По сравнению с первым документом завещание от 24 ноября 1850 года крайне сухое, а в эмоциональном плане — значительно более холодное и даже несколько отчужденное. Подробностей в нем уже не столь много, как в первом, а его объем раза в два с половиной меньше. На первый взгляд может показаться, будто Михаил Захарович стал гораздо меньше доверять членам своей семьи, в особенности жене. Более того, появляется ощущение, что супруги крепко не поладили — Александра Даниловна резко лишается всех тех богатств, которые ей должны были отойти в 1847 году, а круг доверенных ей поручений сильно сокращается. Что ж, нельзя полностью пренебречь подобной возможностью. Однако иная версия — после тщательного анализа текста — выглядит гораздо более правдоподобной.
Думается, дело не в том, что Михаил Захарович стал меньше любить своих детей или жену. Скорее, перемена характера текста отражает изменения самой жизненной ситуации.
Первое изменение было вызвано причинами внешними по отношению к семье Третьяковых. Это «моровое время» второй половины 1840-х годов, о котором уже шла речь.

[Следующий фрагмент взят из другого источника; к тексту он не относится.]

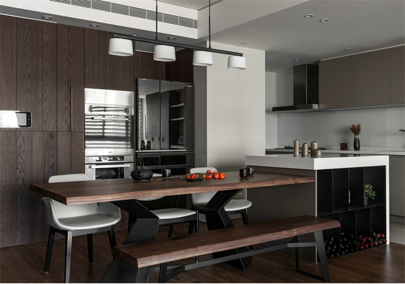 開放式廚房以簡潔和功能性為特點,廚房的中島吧臺與操作臺布局成的操作空間,為主人提供了方便舒適的烹飪場所。優秀的采光條件不僅提供明亮的視線,更是增加了烹飪時的愉悅感。

Заботливость М. З. Третьякова по отношению к семье в 1850-м была столь же велика, как и три года назад. Но она приобрела совершенно другое выражение. В 1847 году купец, подробно описывая имущество, гораздо меньше внимания уделял вопросу, кому из домашних должна достаться какая часть капитала. Во всех подобных мелочах он целиком полагался на супругу. В 1850-м расстановка акцентов изменилась. Оставив в стороне описание состава имущества, коммерсант собственноручно прописывает на бумаге, сколько денег должно достаться жене, сколько — пойти на приданое дочерям. Изменение приоритетов произошло не потому, что Александра Даниловна утратила доверие супруга, причина совсем иная. Весь накопленный М. З. Третьяковым опыт говорил: чтобы дела были так же успешны, как при его жизни, купец должен застраховать их от случайных рисков. Александра Даниловна в 1850 году была еще не старой женщиной. Ей исполнилось 38 лет. В то же время… как говорится, в жизни и смерти Бог волен. Для той эпохи кончина женщины и в более раннем возрасте была в порядке вещей — вне всякой связи с эпидемиями. Гораздо более, чем на живого человека, Михаил Захарович мог надеяться на бумагу, заверенную по закону.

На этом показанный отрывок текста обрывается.